The Comedy That Knew Itself

Me & Thee is the kind of drama that makes you smile like an idiot on the screen. It is not trying to be anything grand or deep, it is pure, warm, fluffy comedy and that honesty is exactly what makes it a fresh breath of air.
What gives the show its charm is how cleverly it builds its comedy and it starts with a simple but smart piece of character writing. Thee grew up watching his mother, a soap opera actress, in lakorn reruns. So when he speaks in grand declarations and dramatic flourishes, it never feels random or forced. It feels inevitable. This is a man who learned what love looks like from soap operas and that makes his every word and action more believable because for him this is how you express your love. He means every word sincerely. That sincerity is what saves the comedy from feeling cheap. Rather than playing its melodramatic dialogue straight, the writers let the characters mock it themselves, as if winking at the audience on their behalf. It is a meta move that could easily fall flat but it works beautifully, because of the three-way dynamic the show builds around it. Pond delivers Thee's most absurd lines with such ease and naturalness that the comedy never feels constructed. Est, playing Thee's secretary, responds to Thee's puppy love moments with facial expressions alone, his reactions capturing exactly the secondhand cringe the audience feels watching Thee turn soft. Peach takes a different role, verbally calling out Thee's lakorn-style dramatic dialogue, telling him plainly to get it together, giving the show's theatrical excess an in-universe critique. Together these three create a comedic system with two distinct frequencies, and the show rides both with confidence.
It is when we look closer at the characters that the cracks begin to show. Peach as the other half of the central romance is where the show stumbles most and what makes it frustrating is how much potential he carries. His backstory is quietly devastating: an abusive childhood, a sister he had to raise alone, a boy who was forced to grow up before he ever got to simply be a child. There is one moment in the hospital where Peach tells Thee that he makes him feel like a child again and in that single line the show reveals everything it could have been. A man that guarded, learning to rely on someone for the first time, is a romance worth watching. But the writers never return to it. His past is hinted at and abandoned, and the actor struggles to fill the silence the writing leaves behind. What Peach needed was not more screen time — he needed the writers to trust the story they had already started telling. A single moment of jealousy, possessiveness, or visible longing would have made his love for Thee feel earned. Without it the romance leans entirely on Thee's shoulders and never quite balances.

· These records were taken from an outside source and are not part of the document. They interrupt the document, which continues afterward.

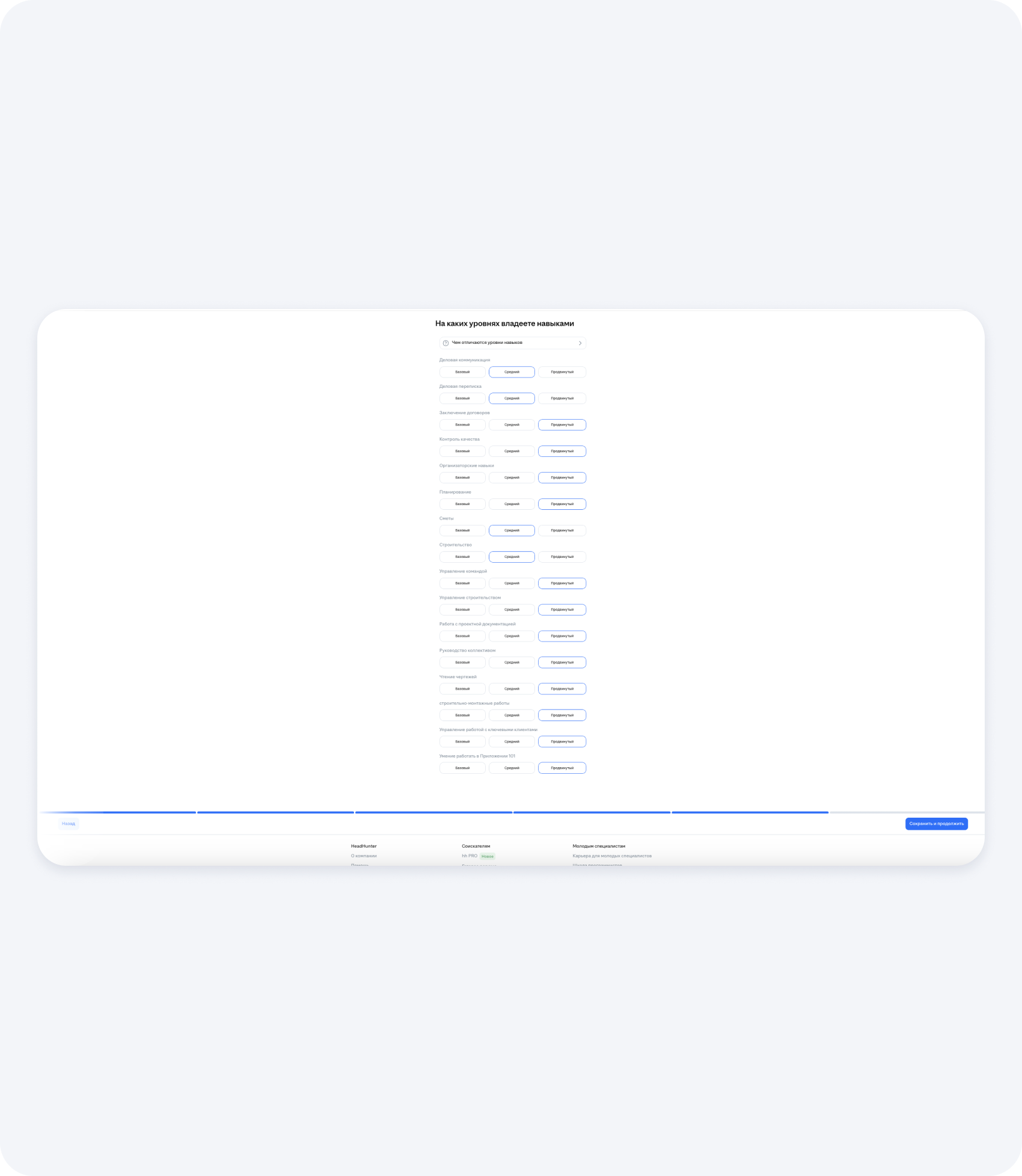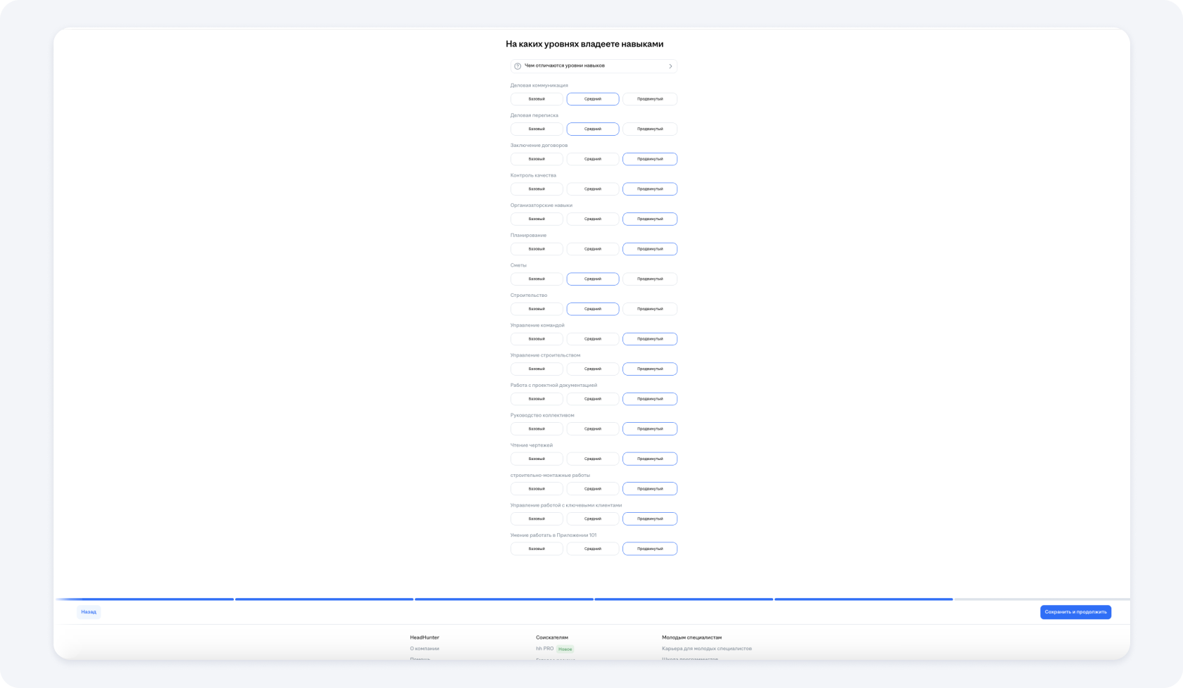 Также дополнительно сервис просит указать уровень владения теми или иными навыками. Что это значит? Можно внести в резюме то, что вы делаете не идеально, но все-таки делаете. Например, даже если вы не уверены в своем навыке составления смет, можно указать его на уровне «средний» и затем обсудить все на собеседовании. В современной компании учет все чаще ведется без постоянного составлении смет, возможно, создания предварительных расчетов в Приложении 101 будет достаточно.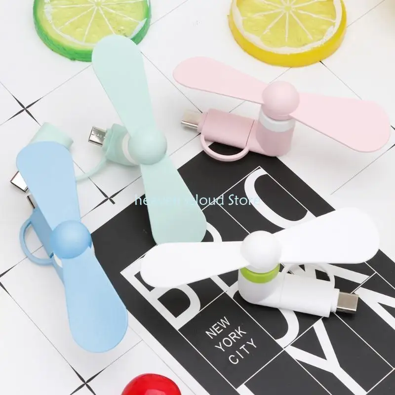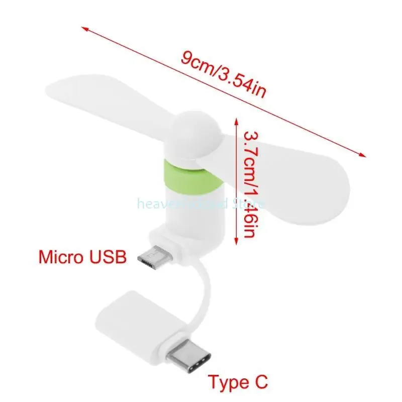 Ventilador pequeño tipo C+Micro USB, bajo consumo de energía.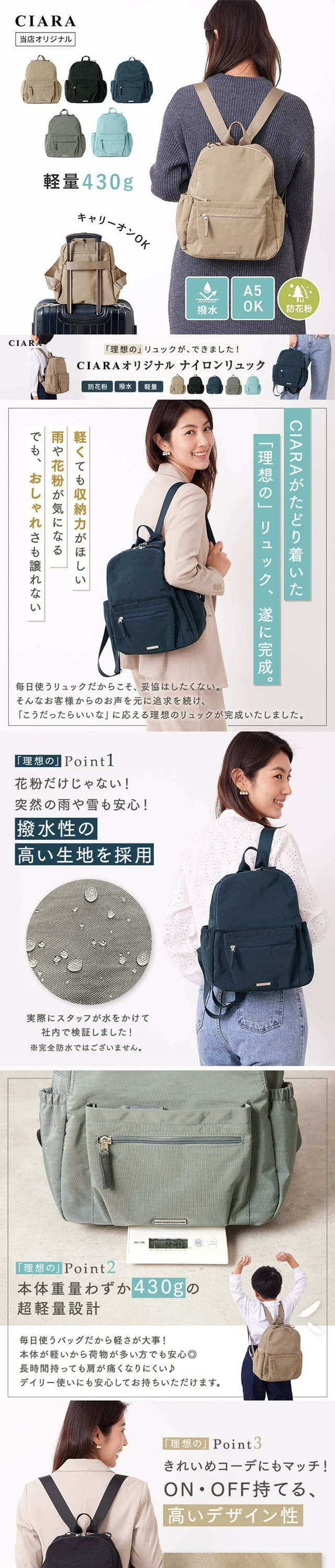防花粉 花粉対策 キャリーオン バッグ レディース デイバッグ リュック ミニリュック リュックサック ナイロンママバッグ マザーズバッグ 旅行バッグ 無地 シンプル メンズ ユニセックス 大容量 自立 ファスナー付き チャック付き 多収納 軽い 軽量 収納 実用性 丈夫 小さめ 大人 女性たっぷり 使いやすい 多機能 高性能 ポケット ファスナー 旅行 ビジネス デイリー 仕事 オフィス 通勤 通学 出張 トラベル 持ち歩き女子 大学生 ママ OL 会社員 20代 30代 40代 50代 60代 70代 80代 小学生 中学生 高校生 林間学校 学童かわいい 可愛い おしゃれ きれいめ 高見え カジュアル 子供 キッズ 男の子 女の子バレンタインデー バレンタイン ホワイトデー お返し 母の日 お婆ちゃんクリスマス 誕生日 新生活 カジュアルバッグ 自転車通勤 旅行用 速乾 ハイキング レジャー フェス フェスバッグ 贈り物 プレゼント プチギフトギフト 福袋 セール お得 新作 ポイント消化 CIARAポーチ雑貨屋 シアラ OEM 大量注文 ネスリーフ 2026 送料無料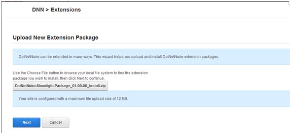 Now we are going to apply custom skin to DotnetNuke web application, so first we need to Download any skin. In this example i am using DotNetNuke.Moonlight.Package_01.00.00_Install skin for demo purpose.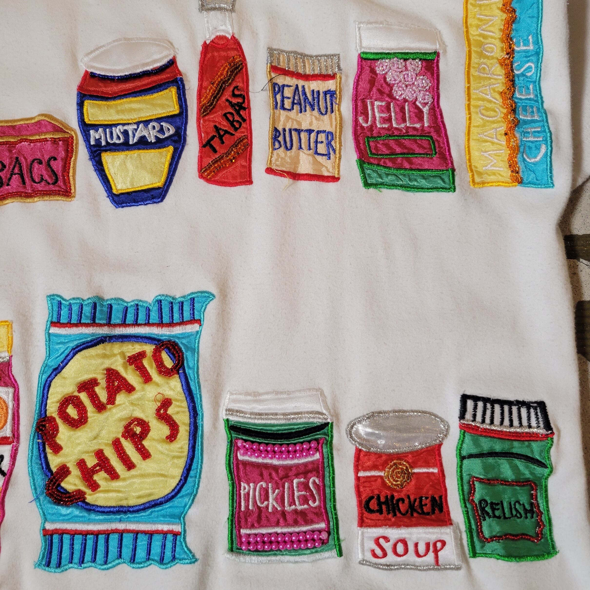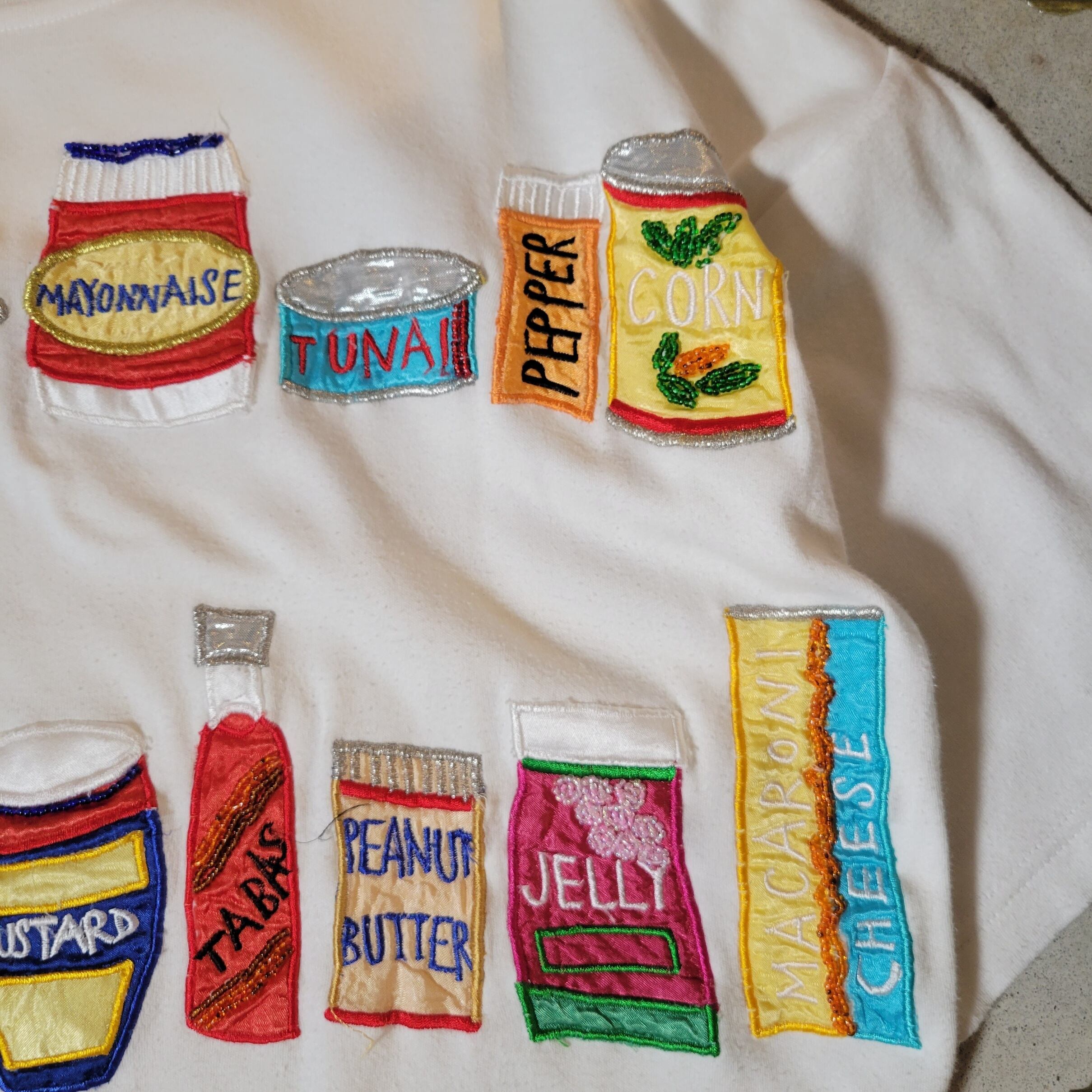 色味は、ホワイト×いろいろ。カラフルな缶詰や調味料の刺繍はビーズなども施されこだわりを感じます。ホワイトベースにファニーな柄が他にはない魅力的な1着。シンプルなスタイリングに遊び心をどうぞ。

The mafia backstory woven into Thee's family history has the same problem: it is all suggestion and no substance. In a light comedy this does not ruin anything, but it is a missed opportunity. A character as charming as Thee deserved a past that added genuine depth rather than just a label others fear.
Despite these gaps, Me & Thee earns a solid 8 out of 10. It is fresh, it is warm, and it has two performances that take the show further than the writing alone deserves. Watch it when you need something light that makes you feel good and smile like crazy. It delivers exactly that, and sometimes that is enough.